Sounds a bit like Lotus Improv or the older Javelin --- any articles on it?
The history of how we go from a loom ca. 1725 to 80x25 terminals ca. 2026 is fascinating. It's been written up many times, here's my take:
https://dave.autonoma.ca/blog/2019/06/06/web-of-knowledge/
I'm baffled by the persistent notion that Jacquard's loom is somehow related to computing. There is no computation. It is not remotely the first punchcard-driven loom. Extremely complex musical and animated automata existed long prior. E.g. the Banu Musa automatic flute player.
The article quotes the reason being "inspired by" that loom. uh...
The core requirement for “programmability” is a machine whose behavior can be changed by altering symbolic instructions without rebuilding the machine.
The Banu Musa automatic flute player doesn’t meet this bar. The flute player was mechanically configured, not symbolically programmed. It had no conditional logic or flow control. No stored symbolic instructions.
To contrast, the Jacquard Loom used an externally stored instructions (punch cards). It allowed arbitrary-length instruction sequences, which is a primitive form of control flow.
Punchcards are also mechanically configured, not symbolically programmed. If you see huge semantical difference between a card with holes and a cylinder with pins or a cam with groves, please explain that difference. Or is the "arbitrary length" the main difference?
I'd imagine something that changes operation based purely on state (position of a dial, presence of a peg in a slot etc) conceptually being "symbolic". Punchcards are not it.
I used to have colleagues who literally learned to program on punched card machines. As in they wrote a program on paper in symbolic assembler, manually converted it to machine code, punched the machine code onto a card,and then carried the cards to the nearby university so that they could run their school homework program.
They would be amused by the idea that this wasn't computing.
Punched cards store bits. Bits can store symbols.
> Punchcards are also mechanically configured, not symbolically programmed.
I don’t know that I said the punchcards are programmable.
It is the machine that is programmable via the punchcards.
The usual argument is that the Jacquard's loom inspired Herman Hollerith’s tabulating machine, used to tally the 1890 census, and became the basis of IBM.
Essentially, the speedups in textiles, inspired a speedup in computing (tabulating initially), which kicked-off the modern information technology industry.
And even if there wasn't any computation, it still is automated data processing (albeit simple).
Here is a video that explains better how it works:
https://www.youtube.com/watch?v=K6NgMNvK52A
This related BBC QI video is quite interesting: Which Software Drove People To Violence?
https://www.youtube.com/watch?v=F7r1GnG9cQ8
By chance I was reading about this yesterday, only in the context of unemployment.
In Das Kapital, Section 5: The Strife Between Workman and Machine, Marx talks about how the automatic looms caused some of the very first waves of mass unemployment under nascent capitalism.

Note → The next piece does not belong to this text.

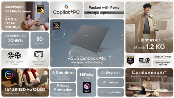 Bu hafta başında, Asus piyasaya sürdü zenbook A16'yı ABD'de satışa sundu. Üst düzey performansı ve hafif form faktörü ile beğeni toplayan Zenbook A16, Qualcomm Snapdragon X2 destekli mevcut Zenbook A16'nın alternatifi olarak hizmet veriyor Zenbook S16 serisi (Amazon'da şu anda 1.299 dolar). Birçok kişi hızlıca eleştirdi Asus'un kararı zenbook A16 fiyatında artış piyasaya sürülmesinden kısa bir süre sonra 100 dolar.

He tells how in some German states they banned the use of looms, burned them, some say even drowned or strangled their creators. Both the state and the textile workers did this in order to preserve order.

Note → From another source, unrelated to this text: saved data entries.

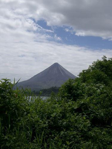 Der Kegelvulkan Arenal mit einem Stück des Arenalsees im Vordergrund. Genau so, wie man sich einen Vulkan vorstellt. Allerdings wusste man bis 1968 gar nicht, dass er ein Vulkan ist.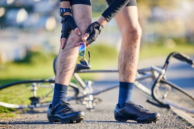 男性のサイクリストと膝の怪我の事故や脚、サイクリング運動フィットネスや道路での屋外トレーニング後の痛みの打撲炎症や自転車転倒の男性やバイカーのクローズアップPremium写真。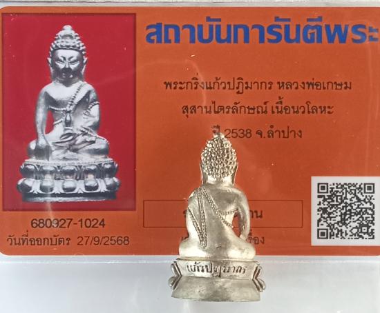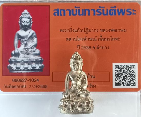 เคาะเดียวแดง++พระกริ่งแก้วปฏิมากร หลวงพ่อเกษม เขมโก เนื้อนวโลหะ ปี 2538 มาพร้อมบัตรการันตีพระแท้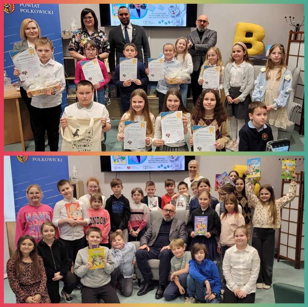 Wiktoria Karkowska z kl. 3c – laureatka 3 miejsca oraz wyróżnieni uczniowie: Klara Białowąs z kl. 3b, Kinga Chodor z kl. 3c i Łukasz Radziszewicz z kl. 3a, odebrali dyplomy i nagrody z rąk autora, wicestarosty powiatu polkowickiego oraz dyrektorki biblioteki.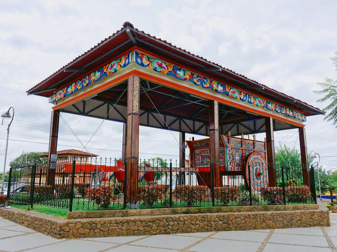 Parque Central de Sarchí Norte (Sarchí)_빠르께 쎈뜨랄 데 사르치 노르떼 (사르치) : 위에 있는 싸르쎄로 지역에 가는 길에 들를 수 있는 사르치. 코스타리카 전통 커피 수레를 엄청 크게 설치해 놨다. 이것만 보러 가기는 그렇고 싸르쎄로에 갈 거라면 들렀다 가는 것을 추천한다.

Later, states allowed them but the textile workers formed sabotage units in order to destroy machines and keep their jobs.

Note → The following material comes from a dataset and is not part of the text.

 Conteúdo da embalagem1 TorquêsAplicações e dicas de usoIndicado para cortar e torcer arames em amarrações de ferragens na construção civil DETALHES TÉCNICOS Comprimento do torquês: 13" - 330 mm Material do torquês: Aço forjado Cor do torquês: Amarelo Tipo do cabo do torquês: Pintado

At the end it ends with this: "It took both time and experience before the workpeople learnt to distinguish between machinery and its employment by capital, and to direct their attacks, not against the material instruments of production (the machine), but against the mode in which they are used."
Very relevant in the face of progress, especially of AI.
Ps: and a quick reminder that communism is about developing production for human needs not profits. The ills of unemployment would be unnecessary with added efficiency.